## GIVEN DATA
###
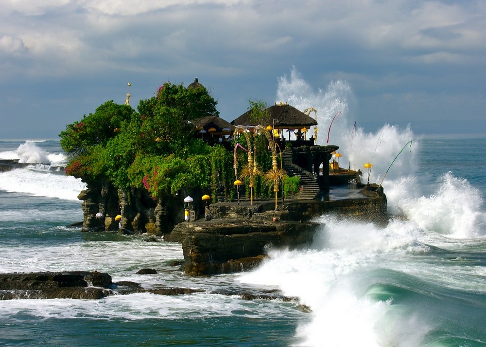 Пура Танах Лот — действующий индуистский храм, один из шести имперских храмов, одно из самых популярных мест среди туристов и символ не только Бали, но в сей Индонезии. Красивее всего он выглядит на закате (из-за близости к экватору темнеет здесь около 7-ми вечера). Во время отлива можно пешком пройтись к скале, на которой построен храм. Здания были сооружены из бамбука и покрыты рисовой соломой. Иностранцам не разрешено заходить внутрь ограды, но даже с террасы кафе, расположенного на побережье, открывается великолепный вид на закат над храмом.
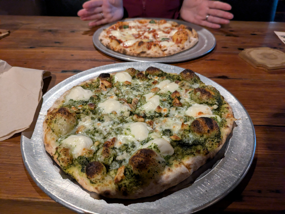 Humble Pie Wood Fired Pizza – Ordered two pizzas for takeaway, which were delivered to our table at the brewery next door. Nice! We got one margherita and one with walnuts and pesto. Crust was proper crispy and flavors were solid.
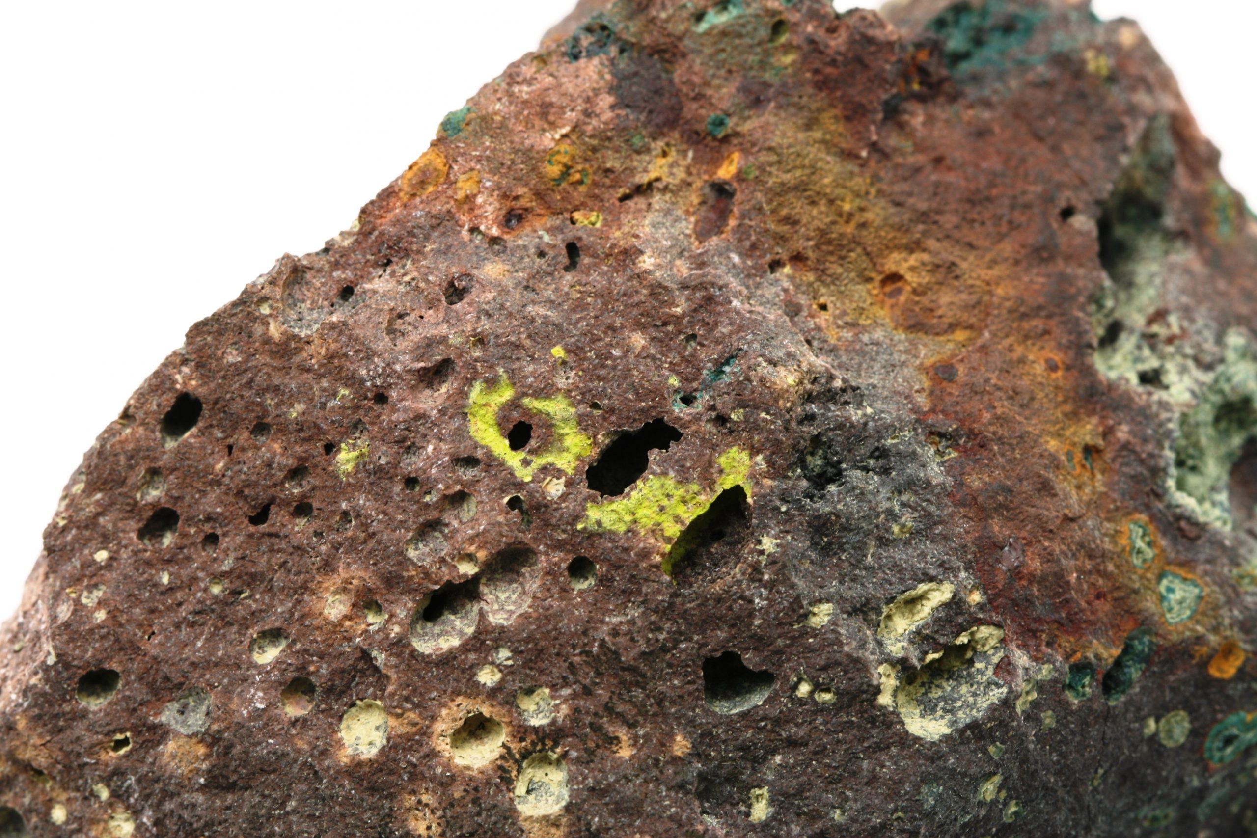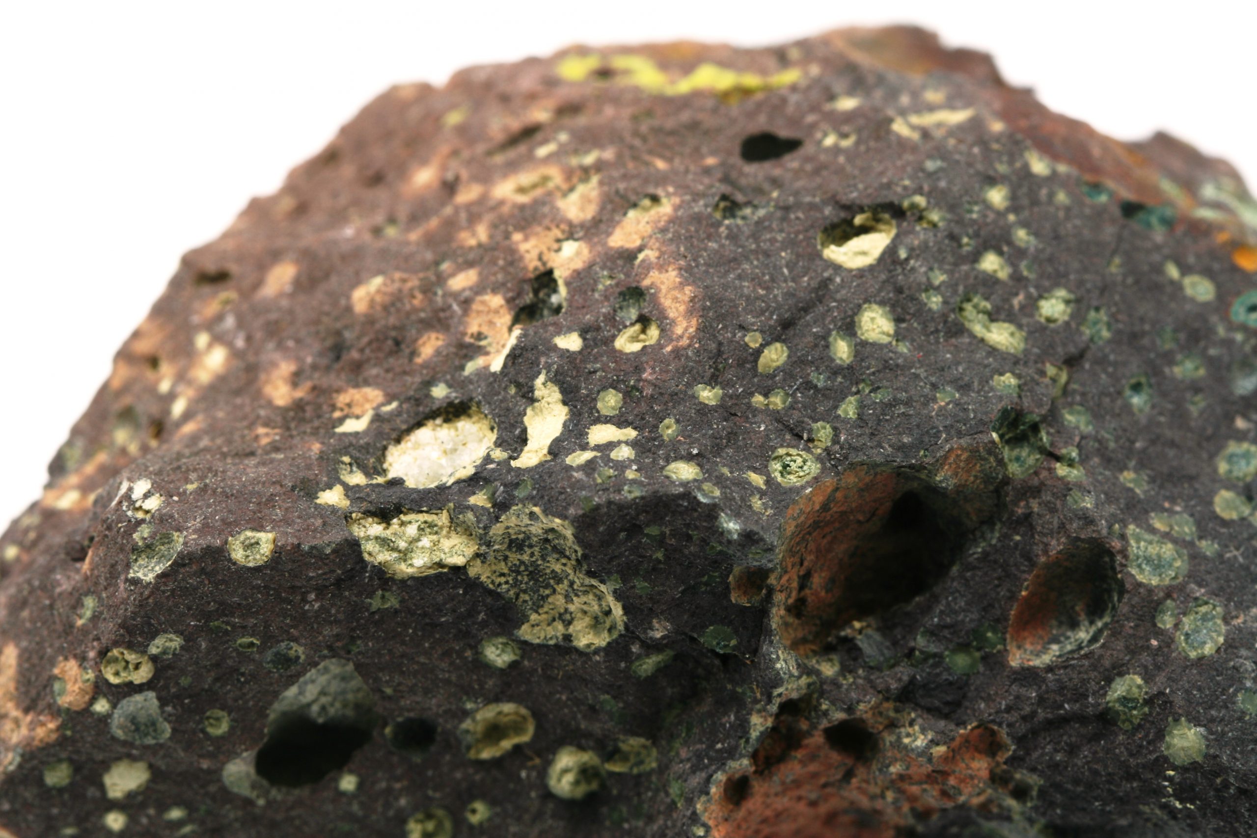 Interessante Stufe von Vesignieitu mit einer Matrix, die mit einer mandelsteinartigen Struktur durchwachsen ist.
###
## WHAT YOU WILL DO
Could you write out exactly the lines running from the one with "Humble Pie Wood" through the last line of the data above, both ends kept, and omit any picture?

## ANSWER BOX
 Humble Pie Wood Fired Pizza – Ordered two pizzas for takeaway, which were delivered to our table at the brewery next door. Nice! We got one margherita and one with walnuts and pesto. Crust was proper crispy and flavors were solid.
 Interessante Stufe von Vesignieitu mit einer Matrix, die mit einer mandelsteinartigen Struktur durchwachsen ist.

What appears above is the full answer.